Василий нагнулся и растер побитое кнутом место:
- Может, к холодам наши вернутся. Взяли б в саперы! Минами фрицам ноги поотрываю.
- Сыночка, не жалко? - Мама присутствие духа не теряла. Пошутила даже. - Ножки у них тонкие, курячьи... Животы наели, а ножки тонкие...
- Не жалко.
Мама отдала старшему сыну бадью с квашней и пошла в избу. В избе всегда было чисто, прибрано. А сейчас немцы резали кур и перья летали по горнице, как снежинки. На столе рядом с тушками была кучка из пяти отрезанных голов. Немцы ощипывали тушки. Марья Ивановна подошла к красному углу, перекрестилась и попыталась снять одну из икон. Ефрейтор вскочил и схватил ее окровавленными пальцами за запястья:
- Матка! Самогон, матка!
- Давно без мужа живу. Нет самогона. - Чтоб немец лучше понял, она крикнула: - Нет самогона!
- Найн самогон, найн Гот!
Немец в подтяжках, продолжая ощипывать курицу, подтвердил:
- Нет самогон, нет досики с Бог!
- Значит, не отдашь? - Марья Ивановна освободила руки от немецких пальцев.
- Найн, матка. Найн.
- Вот же троица поганцев! - сказала Марья Ивановна, уходя.
Василий и Боря рассматривали немецкий мотоцикл.

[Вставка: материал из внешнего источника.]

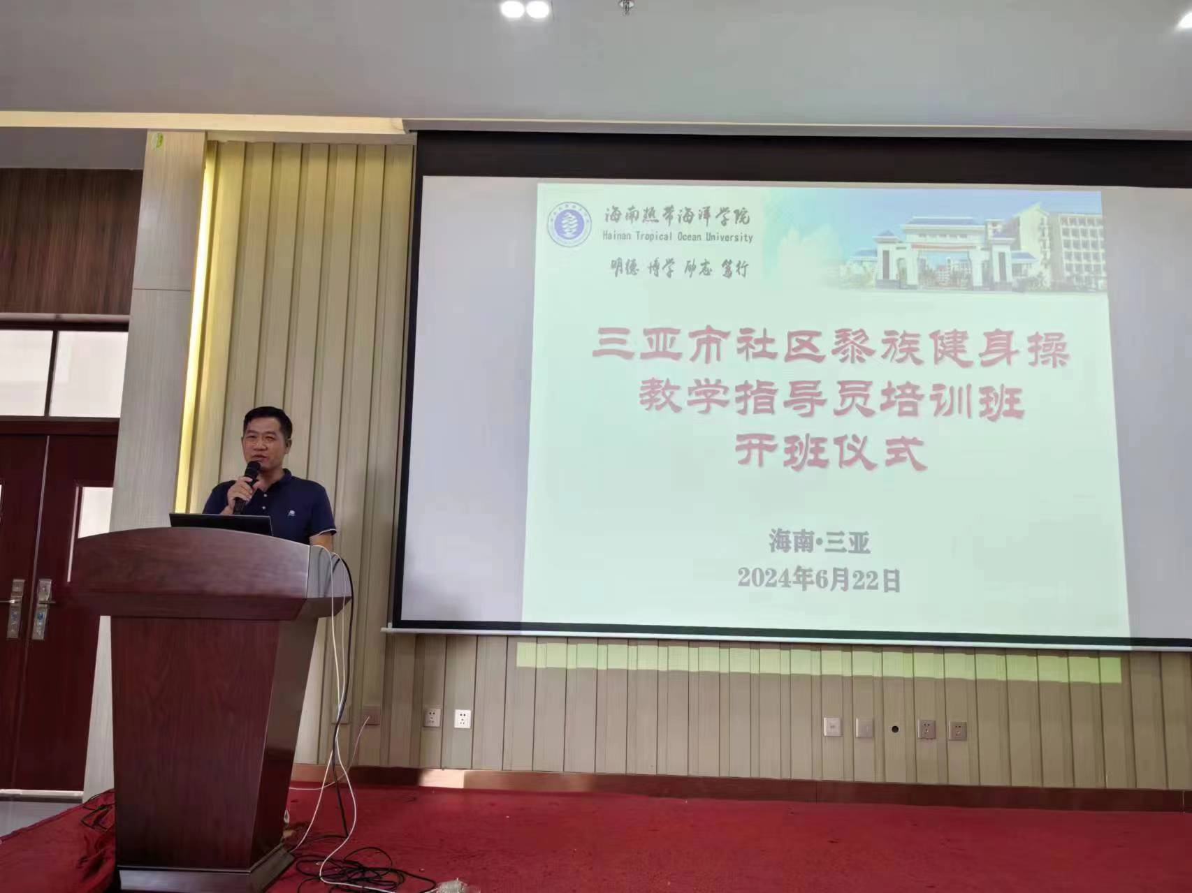 在开班仪式上,继续教育学院党支部李足书记作致辞讲话,他从推进三亚市全民健身高质量发展、践行高校服务社会的使命担当、推动全民健身与全民健康深度融合、提升三亚社区的知名度和影响力等方面强调了此次培训的重要意义,并希望参训学员珍惜此次学习交流的机会,加深对社区黎族健身操的了解,学好社区黎族健身操,成为一名社区黎族健身操教学指导员,当好一名科学健身的践行者、传播者和引领者。三亚市教育局职成科张光志作动员讲话,鼓励学员要认真学习、加强交流,并“以点带面”,充分发挥大家的示范引领带动作用,因地制宜、因时制宜、安全有序地组织开展贴近群众、方便参与、形式多样的全民健身活动,传播全民健身文化,推动三亚社区居民常态化开展体育健身运动,提升广大群众的生活品质和幸福指数。

В коляске дремал немец, он был часовым. Тогда у немцев было много побед, и война им не казалась трудной. Изредка немец мутным взглядом посматривал на ребят, но его глаза быстро опять закатывались в сон. Василий насмешливо прошептал:
- А ты говорил, что немцы сюда не доедут.
- Так вон сушь какая стоит! Смотри, у них колесо коляски тоже ведущее. С такой техникой им даже наши болота нипочем.
- Красивый мотоцикл, - Василий присел на корточки перед мотоциклом. Боря присел рядом с братом.
- Красивый - не значит хороший.
- Значит, - не согласился Василий. Потом спросил подбежавшую Тоньку. - Почему мама плачет?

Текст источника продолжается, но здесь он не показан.